Exercise description:
Since pictures are not part of the copy, please output only the lines from the one with "Legion, Auxiliary, &" through the end of the data below, exactly as written.

Source information:
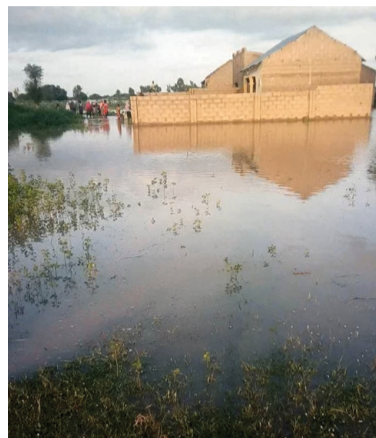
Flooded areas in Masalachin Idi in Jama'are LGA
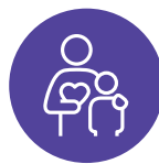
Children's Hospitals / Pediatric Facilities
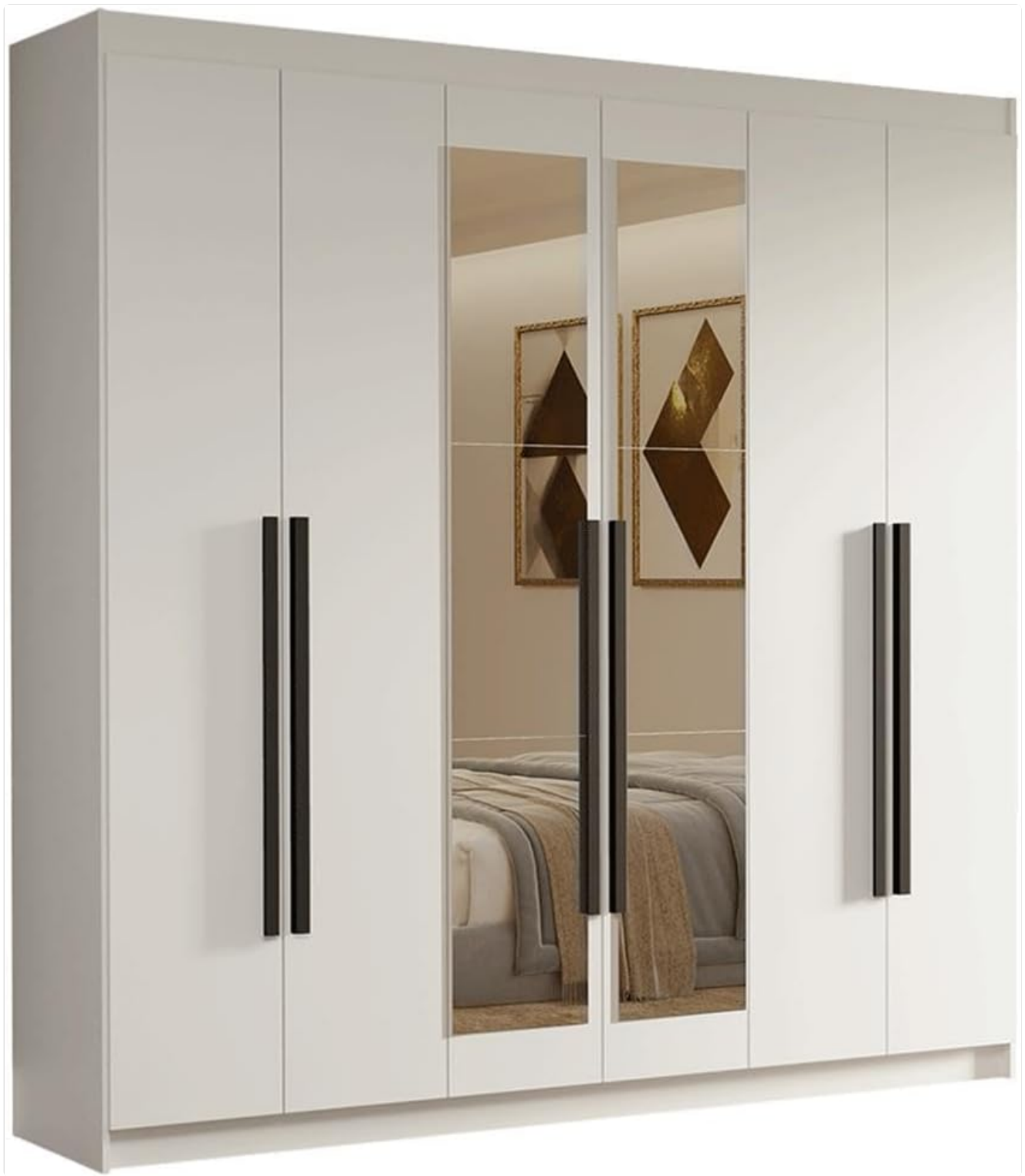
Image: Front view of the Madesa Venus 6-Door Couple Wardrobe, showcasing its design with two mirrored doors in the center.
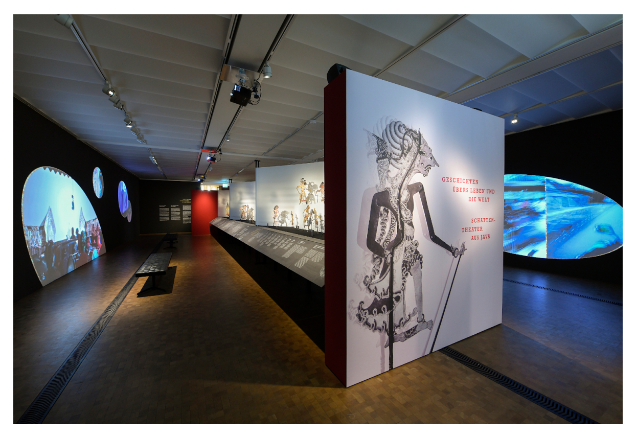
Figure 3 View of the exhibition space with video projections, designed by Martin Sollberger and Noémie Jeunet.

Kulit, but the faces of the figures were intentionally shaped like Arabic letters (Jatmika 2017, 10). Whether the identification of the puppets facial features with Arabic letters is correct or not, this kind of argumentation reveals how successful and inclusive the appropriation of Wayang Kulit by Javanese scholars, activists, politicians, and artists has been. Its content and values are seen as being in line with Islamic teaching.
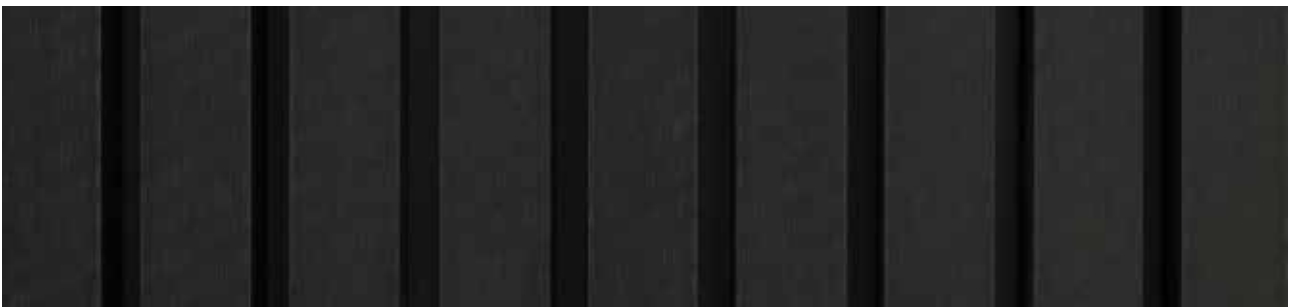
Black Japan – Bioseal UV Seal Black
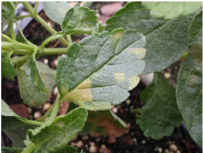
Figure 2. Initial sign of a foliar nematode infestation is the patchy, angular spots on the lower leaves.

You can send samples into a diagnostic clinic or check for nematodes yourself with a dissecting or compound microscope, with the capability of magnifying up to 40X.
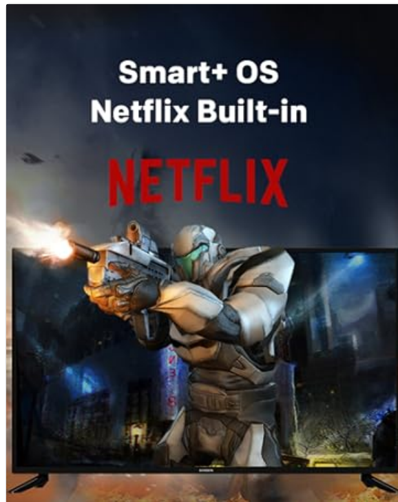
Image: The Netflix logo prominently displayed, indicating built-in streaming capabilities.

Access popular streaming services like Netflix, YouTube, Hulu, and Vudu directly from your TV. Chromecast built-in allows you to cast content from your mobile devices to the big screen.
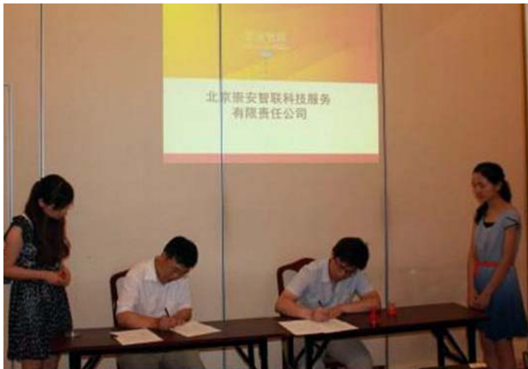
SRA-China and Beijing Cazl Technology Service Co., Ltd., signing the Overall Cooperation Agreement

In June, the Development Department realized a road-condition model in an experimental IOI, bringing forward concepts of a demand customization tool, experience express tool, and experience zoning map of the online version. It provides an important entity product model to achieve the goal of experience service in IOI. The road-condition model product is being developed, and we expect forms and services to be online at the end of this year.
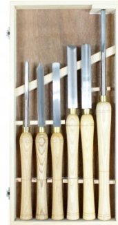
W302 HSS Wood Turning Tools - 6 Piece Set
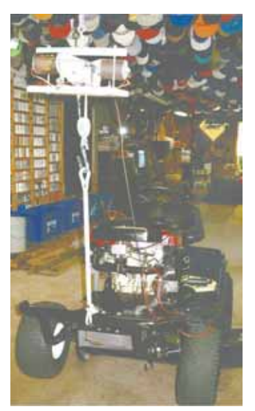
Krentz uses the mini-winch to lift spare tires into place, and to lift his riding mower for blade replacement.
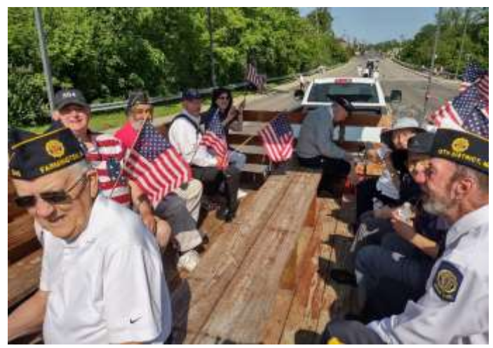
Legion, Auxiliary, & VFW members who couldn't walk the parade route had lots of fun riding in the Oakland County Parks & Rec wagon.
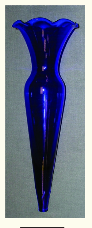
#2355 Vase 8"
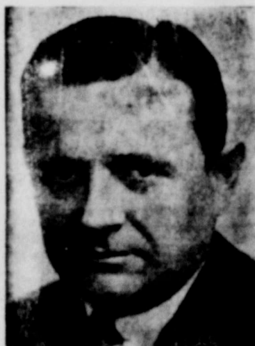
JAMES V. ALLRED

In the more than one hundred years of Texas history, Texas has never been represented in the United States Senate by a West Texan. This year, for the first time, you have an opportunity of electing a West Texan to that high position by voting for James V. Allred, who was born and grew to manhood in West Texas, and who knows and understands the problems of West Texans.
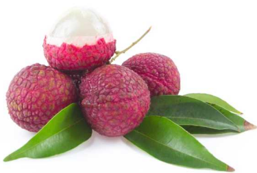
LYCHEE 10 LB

Answer section:
Legion, Auxiliary, & VFW members who couldn't walk the parade route had lots of fun riding in the Oakland County Parks & Rec wagon.
#2355 Vase 8"
JAMES V. ALLRED

In the more than one hundred years of Texas history, Texas has never been represented in the United States Senate by a West Texan. This year, for the first time, you have an opportunity of electing a West Texan to that high position by voting for James V. Allred, who was born and grew to manhood in West Texas, and who knows and understands the problems of West Texans.
LYCHEE 10 LB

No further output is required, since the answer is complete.